◆ **WORK TO COMPLETE**
In the records below, find the line with "A GROUP OF POLYCHROME", then retype it and every following line exactly, stopping after the line with "Our chic ikat". Leave the pictures out.

◆ **ENTRIES PROVIDED**

Content starts

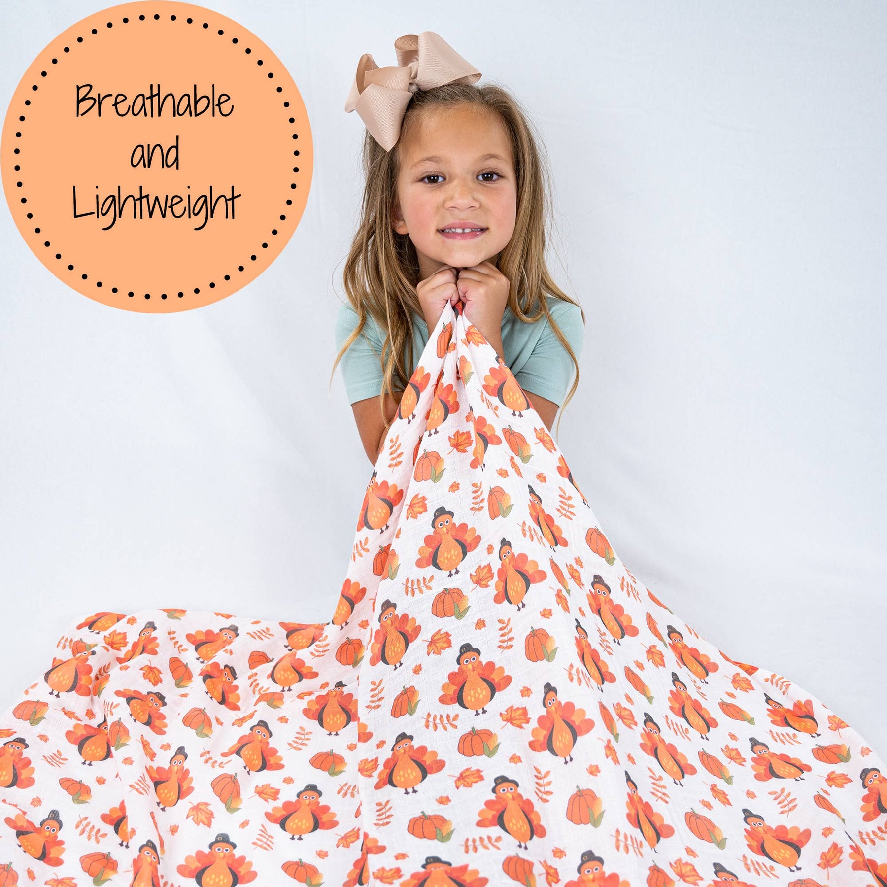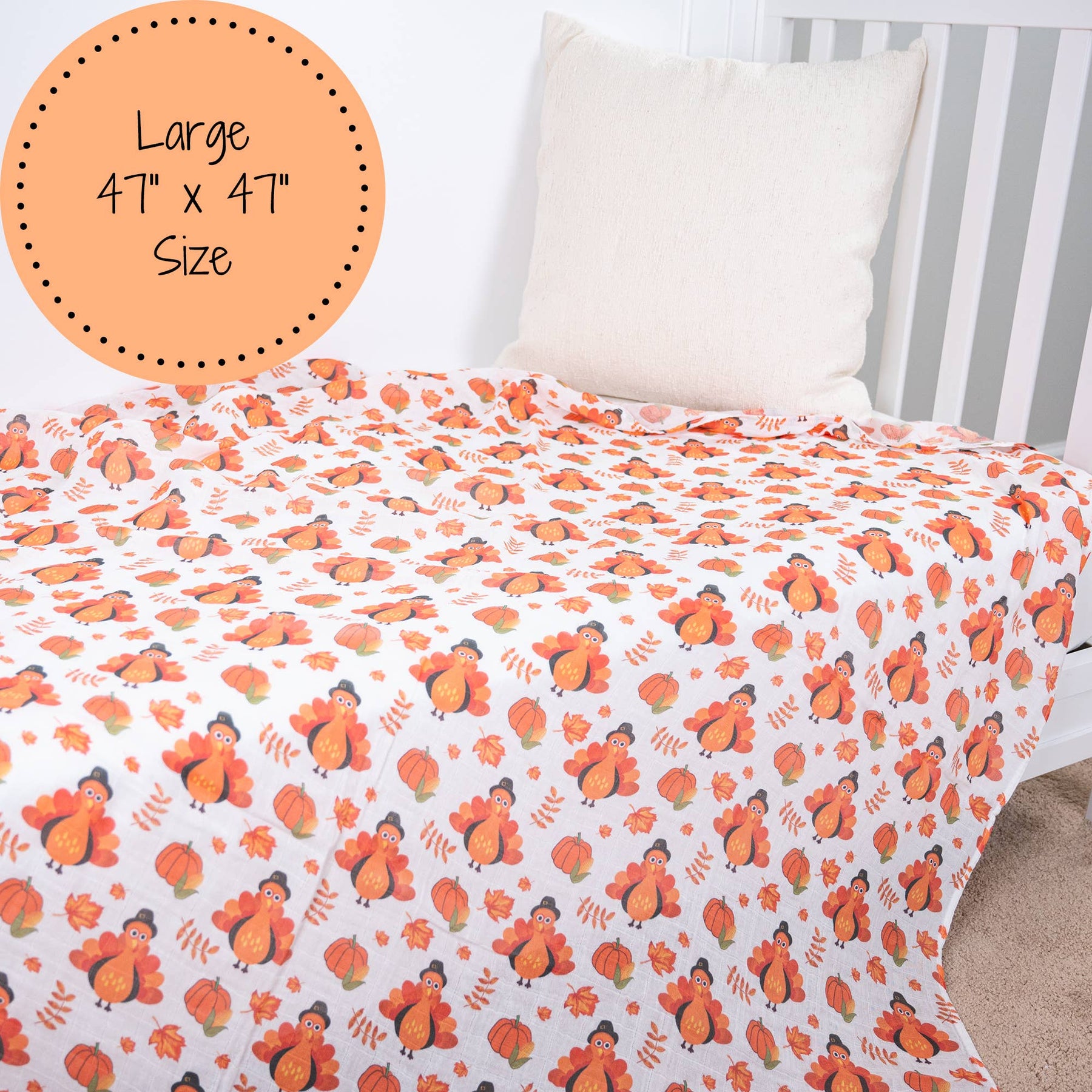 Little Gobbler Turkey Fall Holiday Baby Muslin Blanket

Content ends
Content starts

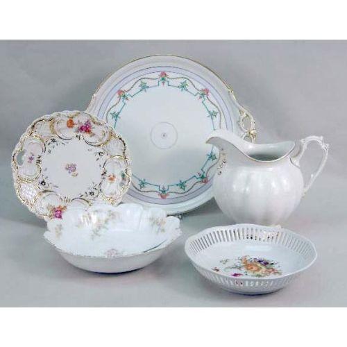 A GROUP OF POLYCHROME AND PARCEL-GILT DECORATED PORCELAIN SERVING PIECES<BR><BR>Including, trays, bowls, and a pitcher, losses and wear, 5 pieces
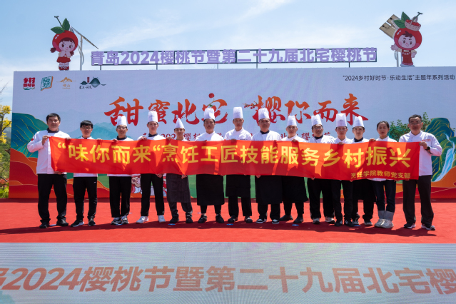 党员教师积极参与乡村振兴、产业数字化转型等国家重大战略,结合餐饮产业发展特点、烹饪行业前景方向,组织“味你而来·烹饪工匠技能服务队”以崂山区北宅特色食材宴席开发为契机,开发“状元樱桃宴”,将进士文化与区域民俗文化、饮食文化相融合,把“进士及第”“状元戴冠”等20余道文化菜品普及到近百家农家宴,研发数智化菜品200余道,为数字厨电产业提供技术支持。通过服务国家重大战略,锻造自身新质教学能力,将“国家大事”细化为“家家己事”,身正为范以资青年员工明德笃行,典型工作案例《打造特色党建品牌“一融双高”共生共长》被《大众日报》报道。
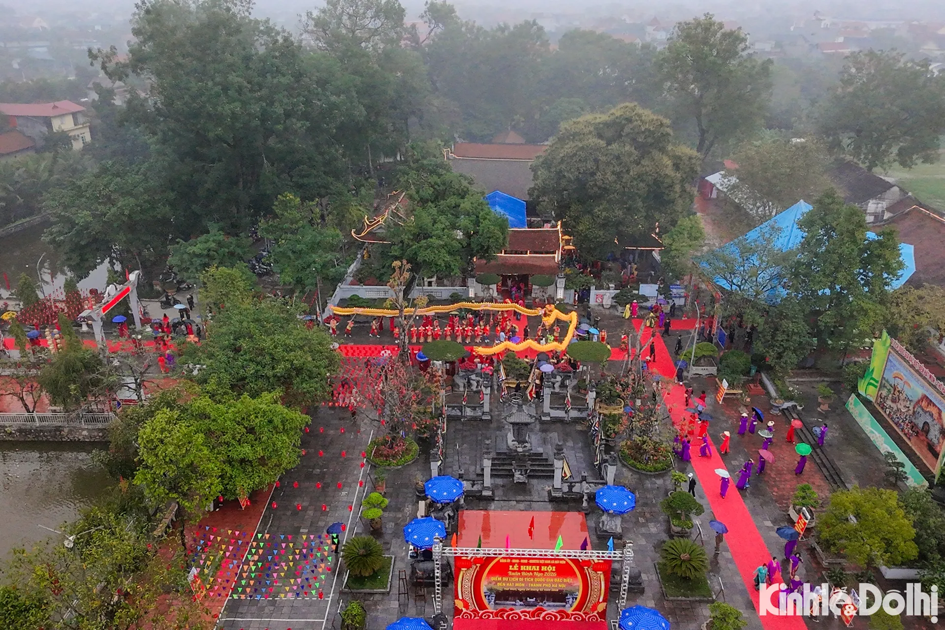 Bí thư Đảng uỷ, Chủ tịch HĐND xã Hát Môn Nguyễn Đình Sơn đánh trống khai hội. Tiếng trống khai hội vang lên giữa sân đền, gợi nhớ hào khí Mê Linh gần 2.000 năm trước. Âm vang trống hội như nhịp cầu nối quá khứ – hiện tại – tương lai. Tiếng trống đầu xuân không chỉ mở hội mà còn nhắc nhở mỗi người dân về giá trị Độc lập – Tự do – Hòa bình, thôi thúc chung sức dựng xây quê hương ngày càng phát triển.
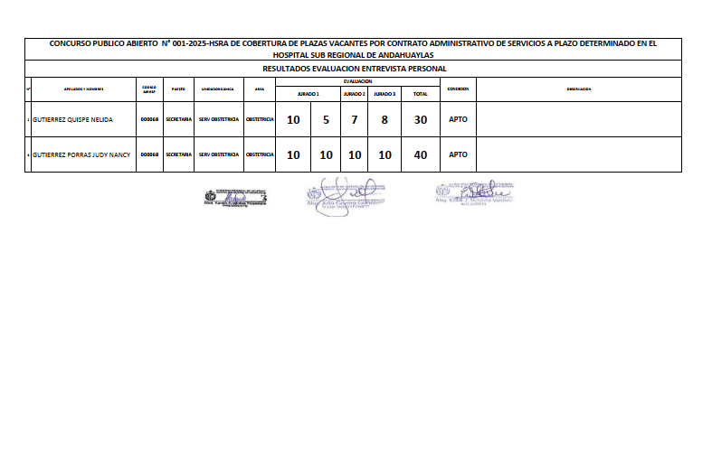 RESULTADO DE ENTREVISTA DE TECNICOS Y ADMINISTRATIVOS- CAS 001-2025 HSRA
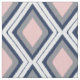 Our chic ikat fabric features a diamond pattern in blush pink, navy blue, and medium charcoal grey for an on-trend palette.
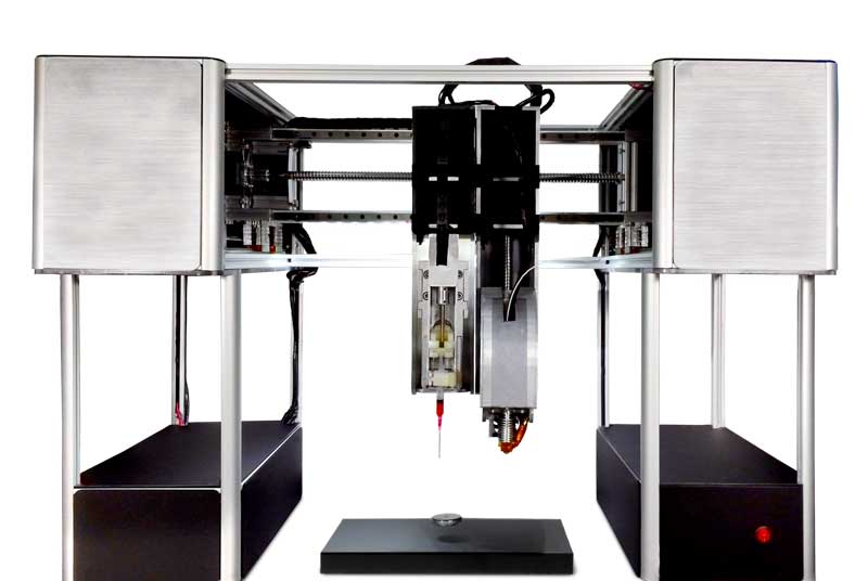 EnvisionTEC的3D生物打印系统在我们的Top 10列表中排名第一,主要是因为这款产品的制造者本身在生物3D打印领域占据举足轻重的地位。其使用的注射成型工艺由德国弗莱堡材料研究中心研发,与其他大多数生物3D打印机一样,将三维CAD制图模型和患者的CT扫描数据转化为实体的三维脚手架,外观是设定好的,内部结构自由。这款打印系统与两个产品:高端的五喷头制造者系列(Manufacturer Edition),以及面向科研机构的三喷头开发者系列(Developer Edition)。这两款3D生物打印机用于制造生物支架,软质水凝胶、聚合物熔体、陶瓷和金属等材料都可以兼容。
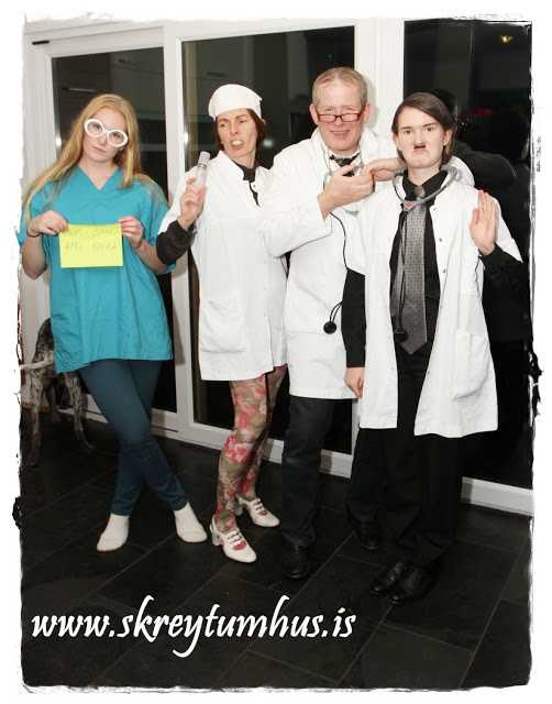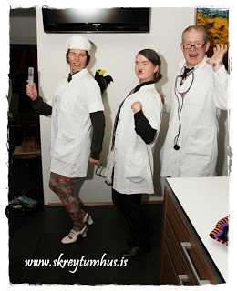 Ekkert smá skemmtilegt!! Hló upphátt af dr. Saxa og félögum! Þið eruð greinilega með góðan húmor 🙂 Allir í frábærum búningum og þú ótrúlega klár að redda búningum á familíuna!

Content ends

◆ **SOLUTION FOR THIS TASK**
 A GROUP OF POLYCHROME AND PARCEL-GILT DECORATED PORCELAIN SERVING PIECES<BR><BR>Including, trays, bowls, and a pitcher, losses and wear, 5 pieces
 党员教师积极参与乡村振兴、产业数字化转型等国家重大战略,结合餐饮产业发展特点、烹饪行业前景方向,组织“味你而来·烹饪工匠技能服务队”以崂山区北宅特色食材宴席开发为契机,开发“状元樱桃宴”,将进士文化与区域民俗文化、饮食文化相融合,把“进士及第”“状元戴冠”等20余道文化菜品普及到近百家农家宴,研发数智化菜品200余道,为数字厨电产业提供技术支持。通过服务国家重大战略,锻造自身新质教学能力,将“国家大事”细化为“家家己事”,身正为范以资青年员工明德笃行,典型工作案例《打造特色党建品牌“一融双高”共生共长》被《大众日报》报道。
 Bí thư Đảng uỷ, Chủ tịch HĐND xã Hát Môn Nguyễn Đình Sơn đánh trống khai hội. Tiếng trống khai hội vang lên giữa sân đền, gợi nhớ hào khí Mê Linh gần 2.000 năm trước. Âm vang trống hội như nhịp cầu nối quá khứ – hiện tại – tương lai. Tiếng trống đầu xuân không chỉ mở hội mà còn nhắc nhở mỗi người dân về giá trị Độc lập – Tự do – Hòa bình, thôi thúc chung sức dựng xây quê hương ngày càng phát triển.
 RESULTADO DE ENTREVISTA DE TECNICOS Y ADMINISTRATIVOS- CAS 001-2025 HSRA
 Our chic ikat fabric features a diamond pattern in blush pink, navy blue, and medium charcoal grey for an on-trend palette.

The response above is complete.